L'Europe

Assurer un porte-avions britannique : Londres et Paris à contre-courant de l’histoire


Le Royaume-Uni fait face à un défi militaire lié au manque de navires de guerre capables d’accompagner son nouveau porte-avions en Méditerranée, alors que les tensions s’intensifient.

Selon le magazine français Paris Match, la Royal Navy pourrait être contrainte de demander l’aide de la France et d’autres alliés pour sécuriser le porte-avions britannique « HMS Prince of Wales », soulignant ainsi la fragilité des capacités navales britanniques malgré sa position historique en tant que l’une des marines les plus puissantes du monde.

Les rapports indiquent que la Royal Navy souffre d’un déficit évident de navires de guerre capables d’escorte et de protection du « HMS Prince of Wales » lors de son déploiement potentiel en Méditerranée.

La plupart des principaux navires de guerre britanniques sont soit indisponibles actuellement, soit en maintenance, rendant la mission d’escorte du porte-avions extrêmement complexe.

Le rôle de la France

Pour cette raison, il est probable que le Royaume-Uni doive s’appuyer sur ses alliés, en tête desquels la France, les États-Unis et d’autres pays européens, afin de fournir les navires nécessaires pour protéger le porte-avions lors de son déploiement militaire, selon Paris Match.

Le magazine considère que cette situation constitue un embarras majeur pour la Royal Navy, qui fut autrefois la plus grande puissance maritime du monde.

Cette crise a également suscité un débat politique au sein du Royaume-Uni, certains politiciens de l’opposition critiquant la manière dont le gouvernement gère le dossier de la défense.

Le politicien conservateur James Cartlidge s’est interrogé sur le fait que le gouvernement britannique ne se soit pas préparé plus tôt à ce scénario, affirmant que des plans pour le déploiement des capacités navales auraient dû être élaborés depuis plusieurs semaines, d’autant plus qu’une opération militaire américaine d’envergure dans la région semblait imminente.

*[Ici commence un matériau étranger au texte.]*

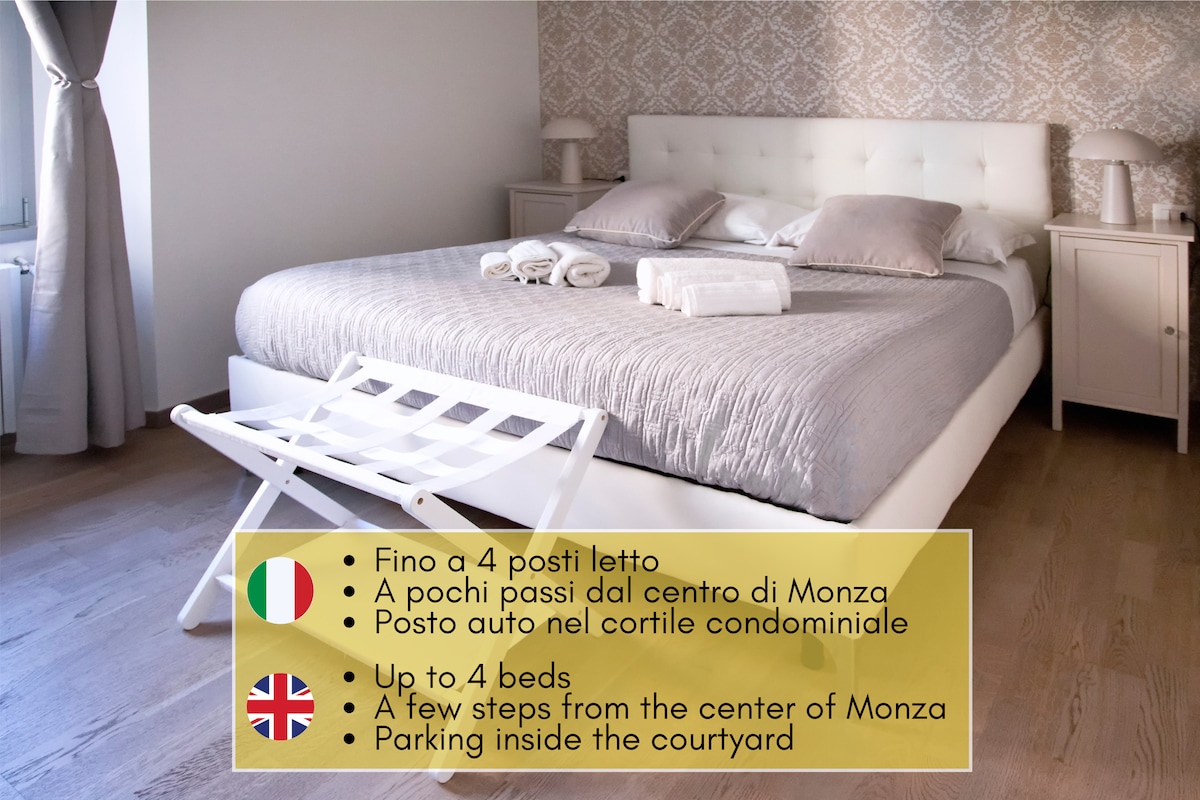 The Molini Residence is een elegant appartement in het hartje Monza! Op loopafstand van de kathedraal en de belangrijkste bezienswaardigheden van de stad bestaat het appartement uit een ruime en lichte woonkamer met volledig ingerichte open keuken, een tweepersoonsslaapkamer met grote inloopkast en een badkamer met ramen met grote douchecabine. Ervaar Monza volledig, ondergedompeld in de Italiaanse cultuur en schoonheid. Het gebied is goed bereikbaar en overvloedig met zowel gratis als betaald parkeren.

Il a ajouté que le discours politique du gouvernement sur le renforcement de la préparation des porte-avions ignore le problème réel, à savoir le manque de financement et de préparation au sein du ministère de la Défense.

Une ironie historique

Le magazine conclut son reportage en soulignant une ironie historique : la France, qui fut vaincue sur mer par la Grande-Bretagne lors de la bataille de Trafalgar en 1805, pourrait, plus de 220 ans plus tard, se retrouver à fournir un soutien à la marine britannique.

Dans ce contexte, la France pourrait devenir un partenaire essentiel pour assurer le déploiement du porte-avions britannique en Méditerranée, à un moment où les équilibres de puissance militaire en Europe sont en pleine mutation.